Even with all this blatant recycling, the Orgy of the Dead novelization contains a fair amount of material that I've encountered nowhere else. In Chapter Eleven, the Emperor and Princess sit in judgment of a young woman who says she learned voodoo from an old witch. Using this knowledge of the dark arts, the woman convinced wealthy men to fall in love with her and occasionally even marry her so she could obtain "pretty clothes, silken undies [and] furs" with their money. Then, once she'd drained their bank accounts, she'd have the witch kill the men with voodoo. Eventually, the young woman grew resentful of her dependence on the old witch (who demanded large amounts of money) and tried to kill her with an elaborate spell, only to wind up destroying herself in the process. The Emperor is not sympathetic.

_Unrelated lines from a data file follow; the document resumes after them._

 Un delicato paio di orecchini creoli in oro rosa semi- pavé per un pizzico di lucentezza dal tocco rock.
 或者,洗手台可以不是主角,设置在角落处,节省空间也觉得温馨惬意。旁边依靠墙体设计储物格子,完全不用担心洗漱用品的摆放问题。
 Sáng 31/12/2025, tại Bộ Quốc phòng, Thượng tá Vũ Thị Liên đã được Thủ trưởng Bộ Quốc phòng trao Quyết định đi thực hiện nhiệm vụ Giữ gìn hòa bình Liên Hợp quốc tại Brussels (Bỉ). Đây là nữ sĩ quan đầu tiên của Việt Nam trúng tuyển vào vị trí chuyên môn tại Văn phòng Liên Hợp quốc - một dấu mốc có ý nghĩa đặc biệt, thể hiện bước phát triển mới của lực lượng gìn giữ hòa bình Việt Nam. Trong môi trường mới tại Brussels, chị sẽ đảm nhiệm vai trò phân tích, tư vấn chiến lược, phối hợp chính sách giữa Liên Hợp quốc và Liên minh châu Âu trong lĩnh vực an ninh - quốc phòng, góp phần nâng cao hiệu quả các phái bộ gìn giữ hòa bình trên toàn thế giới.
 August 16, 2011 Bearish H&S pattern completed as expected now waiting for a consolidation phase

I wouldn't be surprised if Ed Wood turned all of this into a short story or perhaps a chapter in one of his other books, but I haven't been able to find it... yet. Chapter Eleven bears some slight resemblance to the stories "The Witches of Amau Ra" and "Gemeni," but it's distinct from both of those. Until I'm told otherwise, I'll say this "voodoo witch" saga is exclusive to the Orgy of the Dead novelization. If you know otherwise, please tell me.

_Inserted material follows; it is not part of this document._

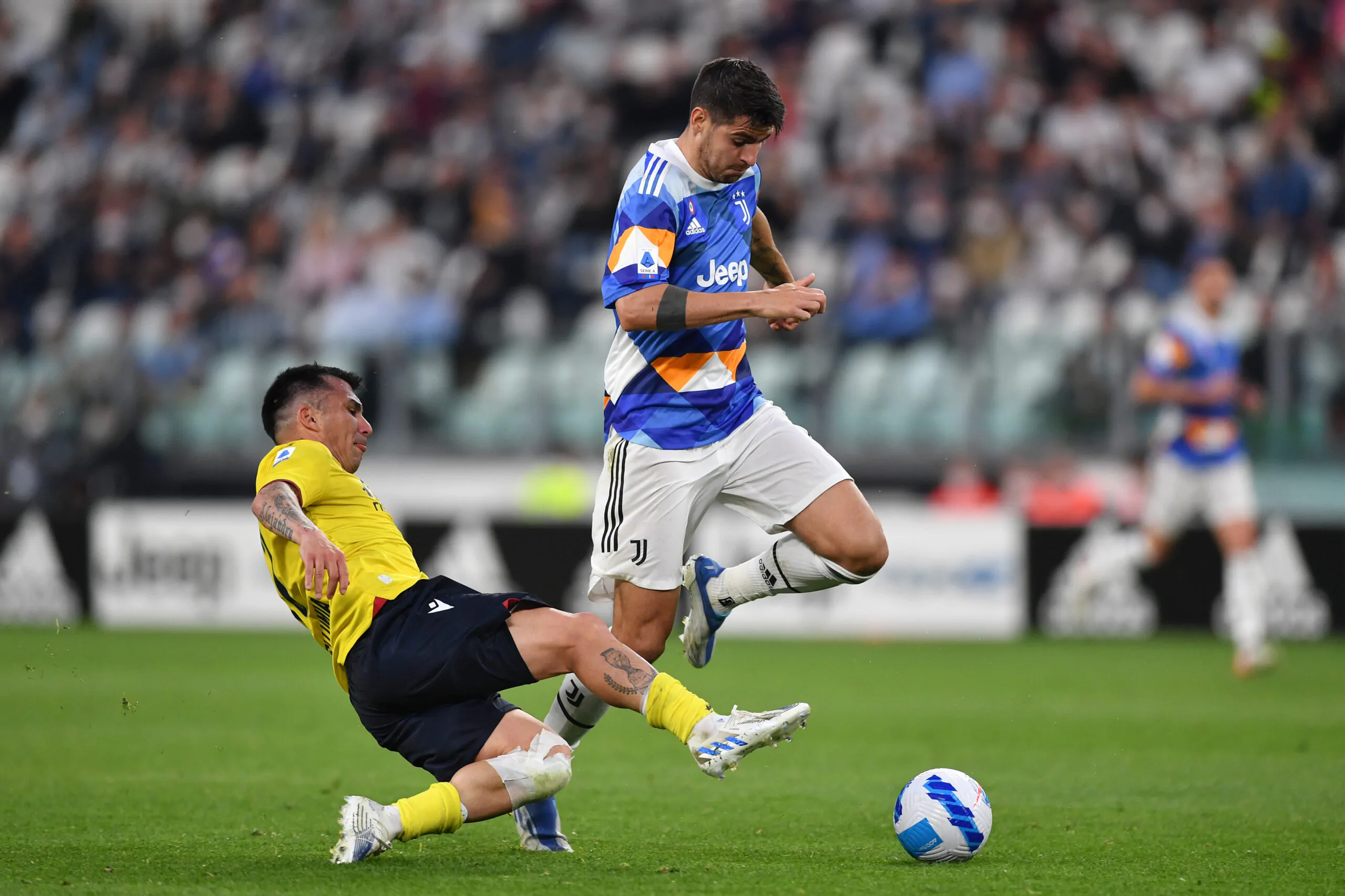 TURIN, ITALY - APRIL 16: Alvaro Morata of Juventus is challenged by Gary Medel of Bologna during the Serie A match between Juventus and Bologna FC at Allianz Stadium on April 16, 2022 in Turin, Italy. (Photo by Valerio Pennicino/Getty Images)
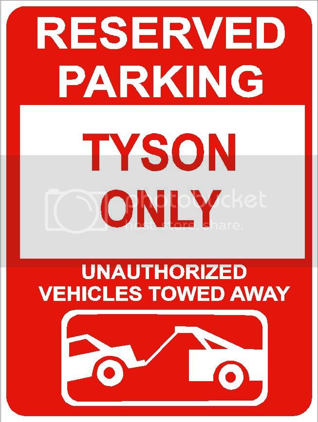 9"x12" TYSON ONLY RESERVED parking aluminum novelty sign great for indoor or outdoor long term use.

Really, though, what I love about the Orgy of the Dead novelization is that it's a prime example of Ed Wood's giddily over-the-top horror fiction. Eddie had several different modes as a writer, depending on the project. He tried his hand at everything from crime fiction to sex manuals over the course of his writing career. But I think he's at his very best when he's channeling Bram Stoker and Edgar Allan Poe in his own slightly awkward yet endearing way. Eddie grew up watching Universal horror films and, even as an adult, was obsessed with vampires, ghosts, graveyards, and things that go bump in the night. This book reflects that on nearly every page. I mean, just read this passage from the novelization in which the mummy rises from his tomb:
The tombstone, weakened at its base, toppled forward into the hole with a resounding thud. For a moment, only grave dust filtered up out of the ancient opening. A nasty smell of mold and centuries of decay followed. Then … a hand—a giant hand, as wrinkled and as dry as old leather—gripped the side of the grave.

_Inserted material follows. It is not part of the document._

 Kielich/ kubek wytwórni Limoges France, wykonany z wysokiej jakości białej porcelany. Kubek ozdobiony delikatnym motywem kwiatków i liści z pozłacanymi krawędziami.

The dirt crumbled against the gripping pressure, but the hand persisted until it got a firm grip; then it began to pull. The head, with vacant eyes, was void of all hair. It was as leathery and as creased as had been the hand. The hand and head of a giant mummy. The powerful hand continued to pull, to force it’s own massive body up out of the grave.That's such an evocative passage, and it's so quintessentially Ed Wood you could cry. It reminded me a lot of the scene in Plan 9 from Outer Space (1957) in which Tor Johnson rises effortfully from his grave. Then I remembered that Ed had Tor record a version of "The Day the Mummy Returned" for a record that never materialized.
As a movie, Orgy of the Dead is pure sexploitation, an excuse to show attractive, half-naked women gyrating for our entertainment. Nothing wrong with that. The Orgy book includes some suggestive passages, too—Shirley loses her bra at one point, for instance—but the emphasis is more on the eerie and horrific aspects of the plot. As a reader, I got the sense that Ed Wood was having a grand old time describing the cemetery and the strange beings who dwell within it. That's what makes this book special.